Work task ▸
Please restate exactly the lines from the one holding "竹で編まれた、やや深さのある" to the end of the material, including both ends and excluding every picture.

Information provided ▸

%%

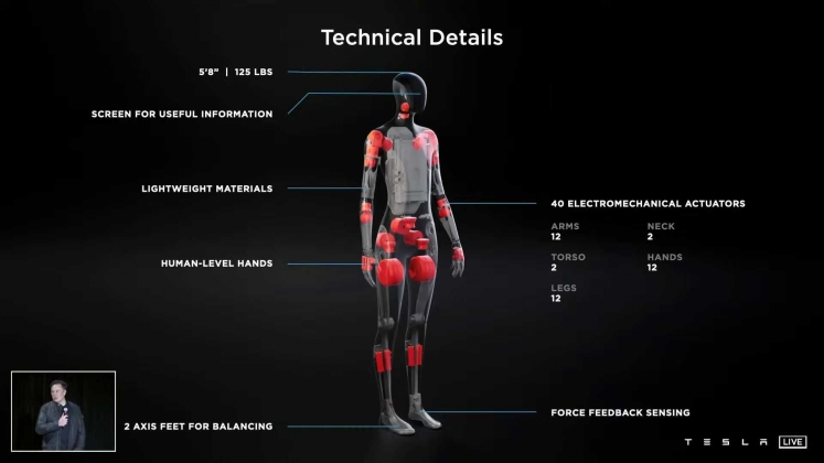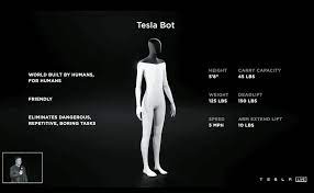 O primeiro Tesla com duas pernas para andarApresentado pela primeira vez em agosto de 2021, o primeiro Tesla com pernas para andar vai ter um ecrã no lugar do rosto onde serão projetadas todas as informações úteis e mais revelantes. Terá a figura de um humano de estatura média, com uma altura de 1,76m e 57kg de peso, sendo capaz de transportar volumes até 20kg.
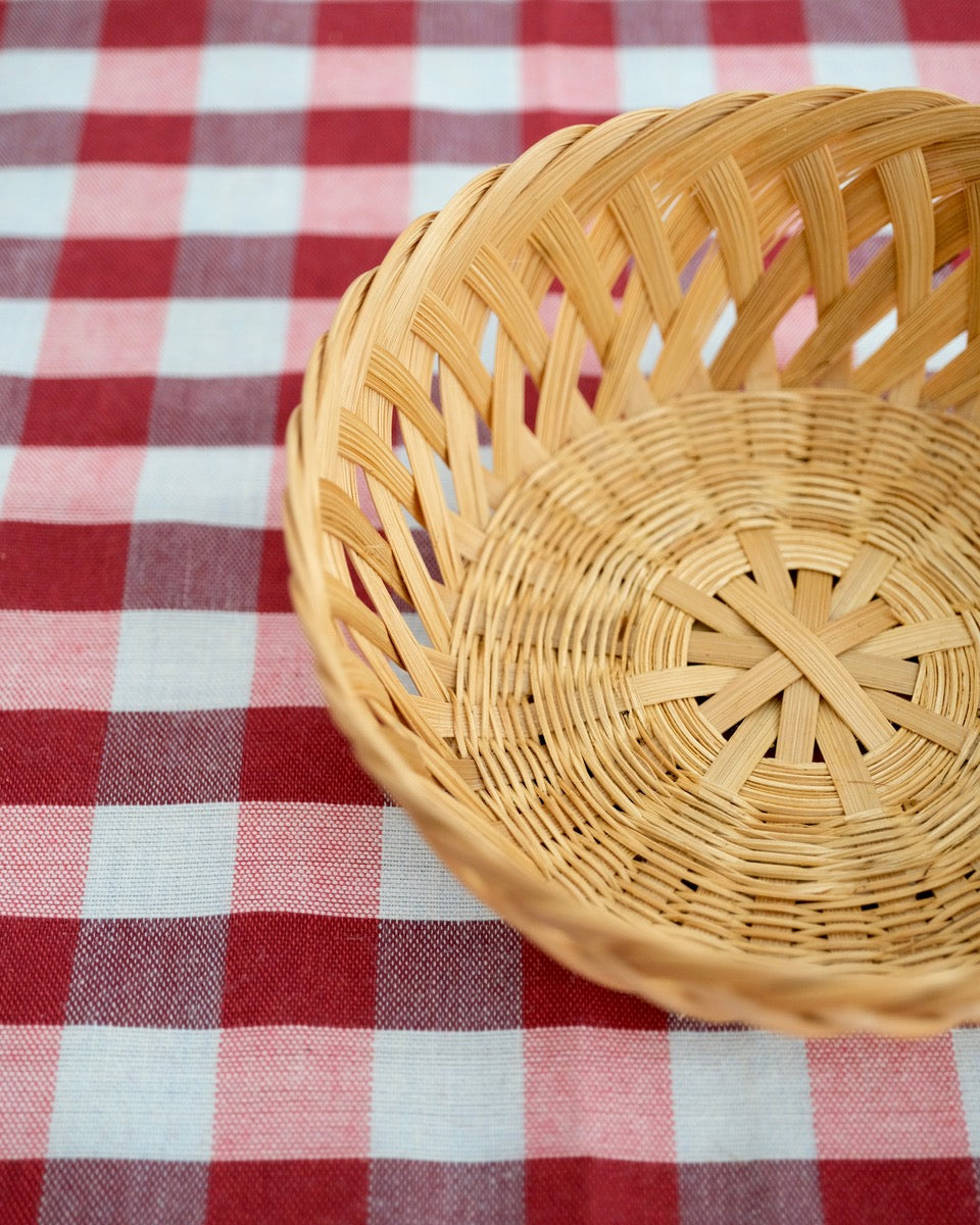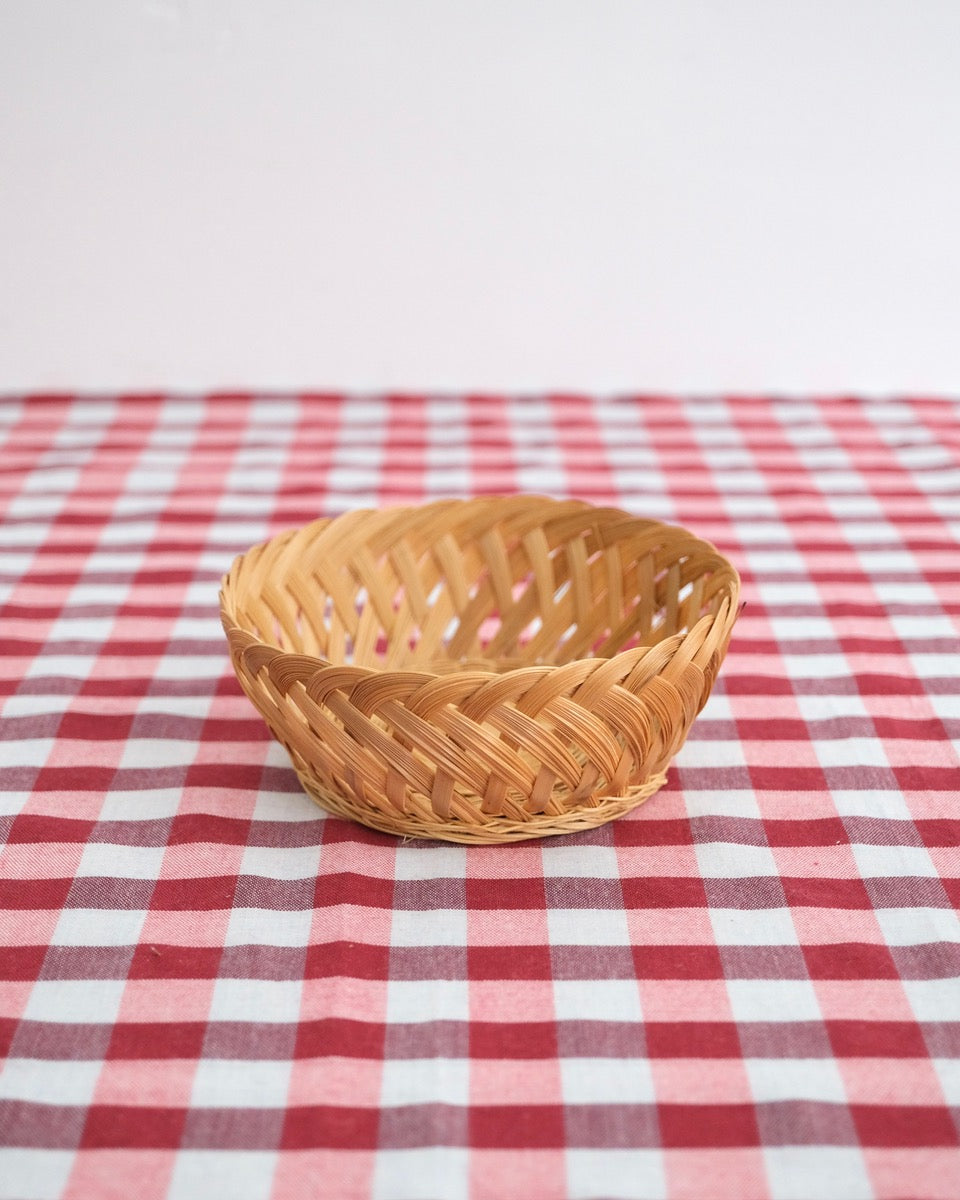 竹で編まれた、やや深さのある丸かごです。落ち着いたデザイン、しっかりしたつくりで、いろいろな用途に使えそう。
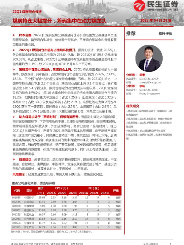 【民生证券】【20220425】22Q1煤炭持仓分析:煤炭持仓大幅提升,筹码集中在动力煤龙头-2页 行业研究
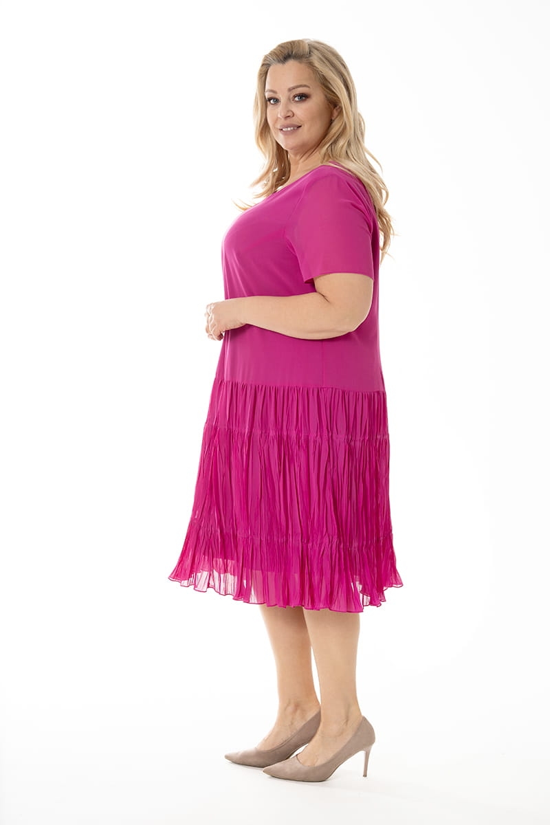 WERA to sukienka z szyfonu w całkiem nowej odsłonie. Model do tańca i do różańca, piękna, rozkloszowana, lekka i zwiewna. Dół sukienki pięknie układa się przy każdym ruchu dzięki temu, że uszyty został z marszczonych falban, a całość poddano fabrycznemu kreszowaniu.

%%

Written response ▸
 竹で編まれた、やや深さのある丸かごです。落ち着いたデザイン、しっかりしたつくりで、いろいろな用途に使えそう。
 【民生证券】【20220425】22Q1煤炭持仓分析:煤炭持仓大幅提升,筹码集中在动力煤龙头-2页 行业研究
 WERA to sukienka z szyfonu w całkiem nowej odsłonie. Model do tańca i do różańca, piękna, rozkloszowana, lekka i zwiewna. Dół sukienki pięknie układa się przy każdym ruchu dzięki temu, że uszyty został z marszczonych falban, a całość poddano fabrycznemu kreszowaniu.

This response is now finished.